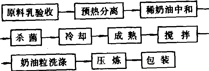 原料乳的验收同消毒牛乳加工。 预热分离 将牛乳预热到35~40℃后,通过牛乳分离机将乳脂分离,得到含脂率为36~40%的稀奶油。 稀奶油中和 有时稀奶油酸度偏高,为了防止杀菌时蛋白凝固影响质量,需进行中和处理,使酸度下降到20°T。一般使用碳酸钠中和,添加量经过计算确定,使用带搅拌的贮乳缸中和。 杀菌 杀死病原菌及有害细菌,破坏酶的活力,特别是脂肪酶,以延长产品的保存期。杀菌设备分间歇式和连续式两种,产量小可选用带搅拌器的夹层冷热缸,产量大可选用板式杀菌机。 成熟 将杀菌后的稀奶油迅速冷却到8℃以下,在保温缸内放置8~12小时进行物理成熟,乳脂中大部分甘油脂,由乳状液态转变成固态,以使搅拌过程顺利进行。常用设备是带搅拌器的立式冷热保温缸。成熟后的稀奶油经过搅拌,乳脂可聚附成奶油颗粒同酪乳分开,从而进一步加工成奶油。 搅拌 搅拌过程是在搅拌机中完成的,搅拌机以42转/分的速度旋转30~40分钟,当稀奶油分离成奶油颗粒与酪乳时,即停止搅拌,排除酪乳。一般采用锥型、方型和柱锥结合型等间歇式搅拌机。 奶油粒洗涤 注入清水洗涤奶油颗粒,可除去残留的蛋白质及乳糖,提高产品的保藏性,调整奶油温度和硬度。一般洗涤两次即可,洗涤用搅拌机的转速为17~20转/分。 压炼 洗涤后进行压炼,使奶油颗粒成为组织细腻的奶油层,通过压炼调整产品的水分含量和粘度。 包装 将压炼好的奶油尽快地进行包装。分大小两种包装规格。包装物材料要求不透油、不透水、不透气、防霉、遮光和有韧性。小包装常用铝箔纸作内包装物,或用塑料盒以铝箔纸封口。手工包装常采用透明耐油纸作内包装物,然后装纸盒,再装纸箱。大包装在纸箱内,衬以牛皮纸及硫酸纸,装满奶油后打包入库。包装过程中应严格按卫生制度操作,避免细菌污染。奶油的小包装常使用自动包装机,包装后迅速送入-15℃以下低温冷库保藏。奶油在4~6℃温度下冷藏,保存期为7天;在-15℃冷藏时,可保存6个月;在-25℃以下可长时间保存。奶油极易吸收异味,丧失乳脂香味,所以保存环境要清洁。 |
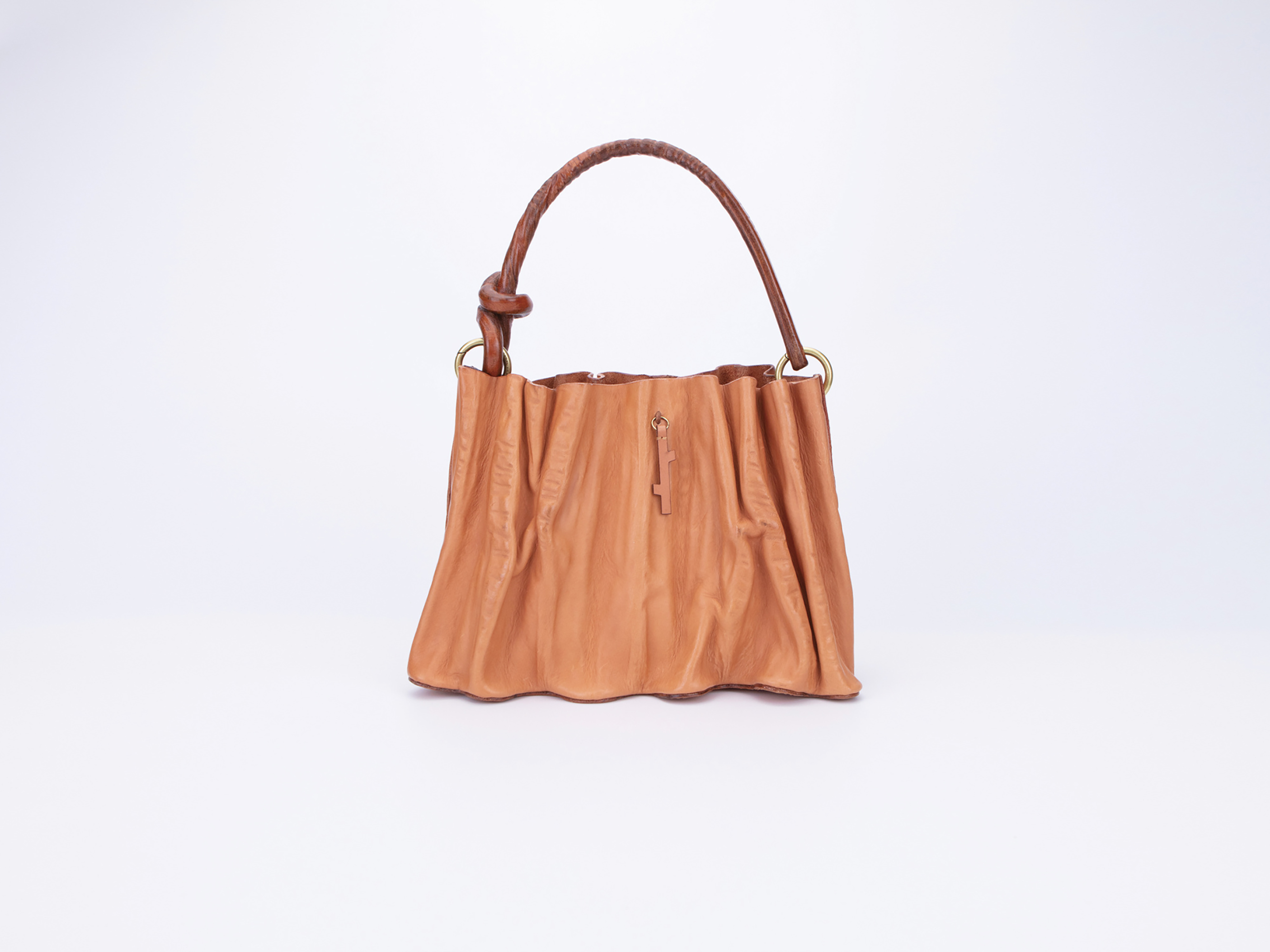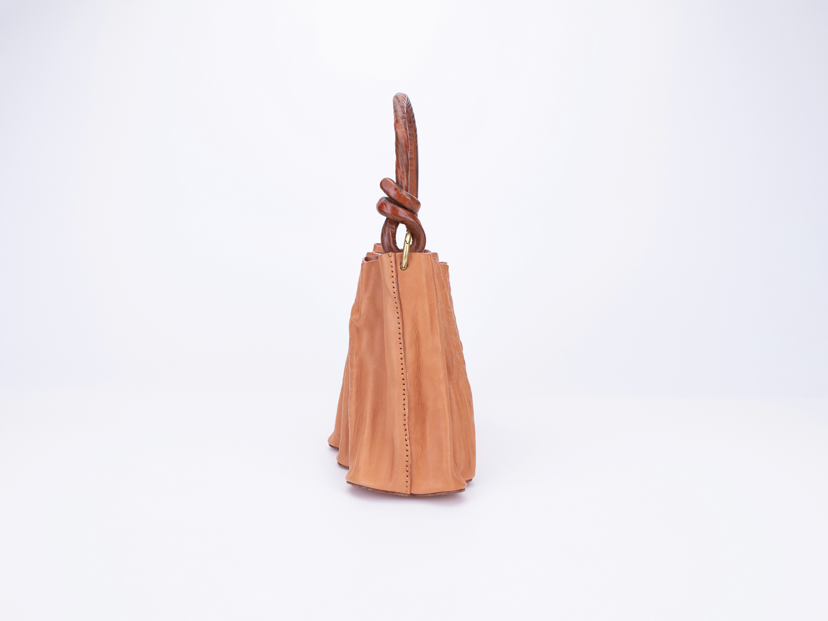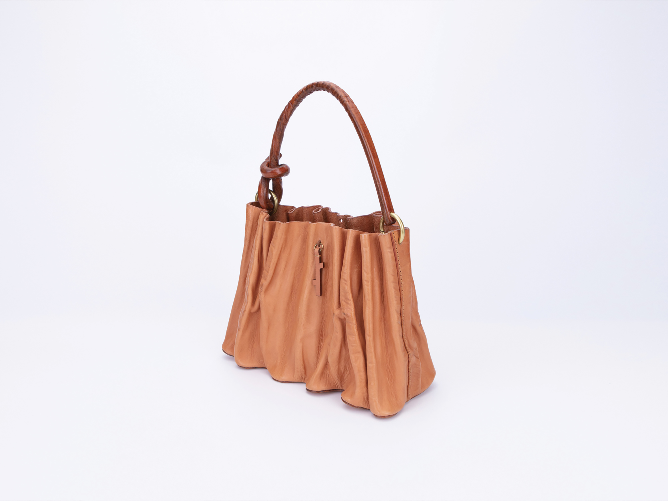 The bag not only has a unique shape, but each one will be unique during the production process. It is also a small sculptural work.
...
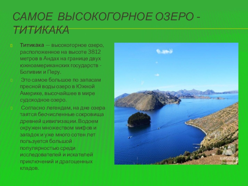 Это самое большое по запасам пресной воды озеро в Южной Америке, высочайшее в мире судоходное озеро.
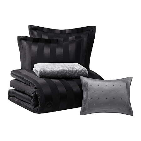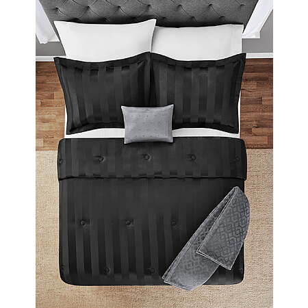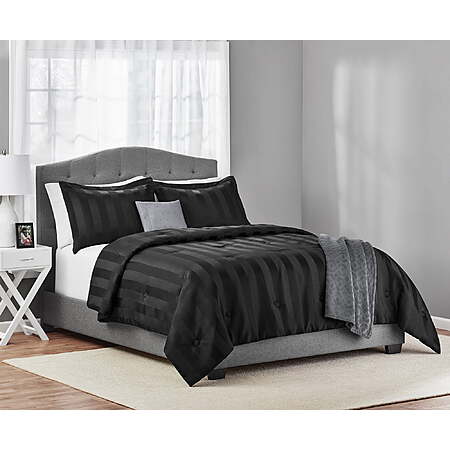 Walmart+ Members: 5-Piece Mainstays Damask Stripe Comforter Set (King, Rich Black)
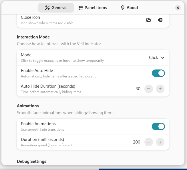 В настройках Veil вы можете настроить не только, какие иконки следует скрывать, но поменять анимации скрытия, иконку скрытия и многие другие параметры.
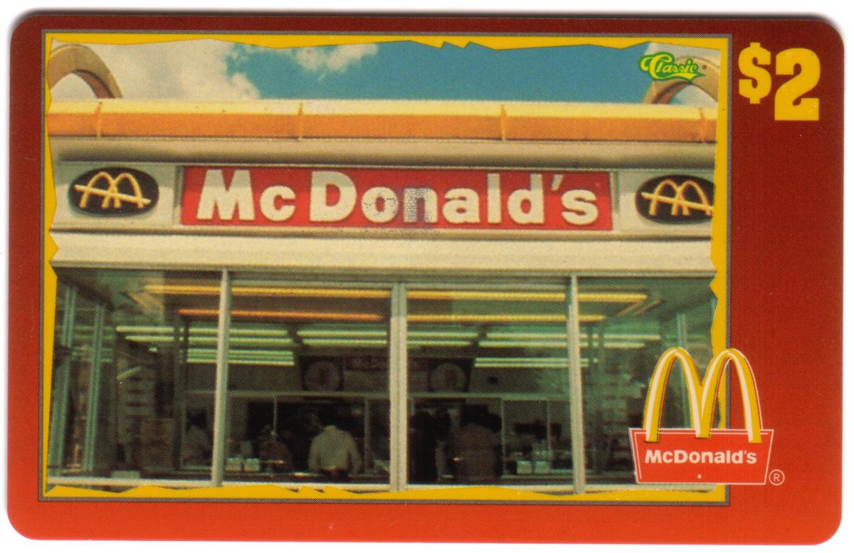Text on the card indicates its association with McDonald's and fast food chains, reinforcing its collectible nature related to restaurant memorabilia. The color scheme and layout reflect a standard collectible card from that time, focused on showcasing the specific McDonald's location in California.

▶ **PROMPT**
Within the listing above, copy exactly the lines that start at the one with "Это самое большое" and continue through the one with "Text on the". Omit pictures.

▶ **RESPONSE BELOW**
 Это самое большое по запасам пресной воды озеро в Южной Америке, высочайшее в мире судоходное озеро.
 Walmart+ Members: 5-Piece Mainstays Damask Stripe Comforter Set (King, Rich Black)
 В настройках Veil вы можете настроить не только, какие иконки следует скрывать, но поменять анимации скрытия, иконку скрытия и многие другие параметры.
Text on the card indicates its association with McDonald's and fast food chains, reinforcing its collectible nature related to restaurant memorabilia. The color scheme and layout reflect a standard collectible card from that time, focused on showcasing the specific McDonald's location in California.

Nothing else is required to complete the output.